Welcome to the third and final part of .NET Data Secrets!
I’m Karl Moore and today we’ll continue last week’s theme of top-notch data access through the Web DataGrid control, with even more tips and tricks to make your site look the business:
- Quick and Easy Data Paging, with Your Web Grid
- Sorting in Seconds, with Your Web Grid
- Amazingly Simple Method for Exporting Your Web Grid to Excel
- Get Microsoft to Write Your Code—Amazing Undocumented SQL Server Tool!
But, hold on, this is the final part of .NET Data Secrets? It certainly is—and the eleventh in the entire .NET secrets series we’re running on this site. That means the next will be the twelfth and absolute final article in this series, our little look at the world of Web service secrets.
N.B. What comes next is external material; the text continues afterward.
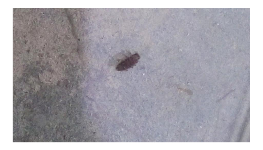
Plate 7. Second instar larvae of ladybird beetle ( Rodolia sp. )

Don’t forget: you’ve still got time to submit your favorite .NET snippets for publication. Simply mail your code and hot techniques to me—firstname.lastname@example.org—and I’ll publish the best, with full credit.
But enough small talk. Let’s get on with those secrets!
Quick and Easy Data Paging, with Your Web Grid
Most Web developers tend to shiver at the mere mention of the word “paging.” Even ASP.NET programmers are a little confused over its implementation. Many of the new .NET books devote a chapter or so to the subject—but it really isn’t that complicated.
Paging is a method of splitting results in your DataGrid over multiple “pages.” Google uses paging in its search results. Yahoo! uses paging if it can’t fit all its matching sites onto one page. It’s useful—and can be set up in seconds.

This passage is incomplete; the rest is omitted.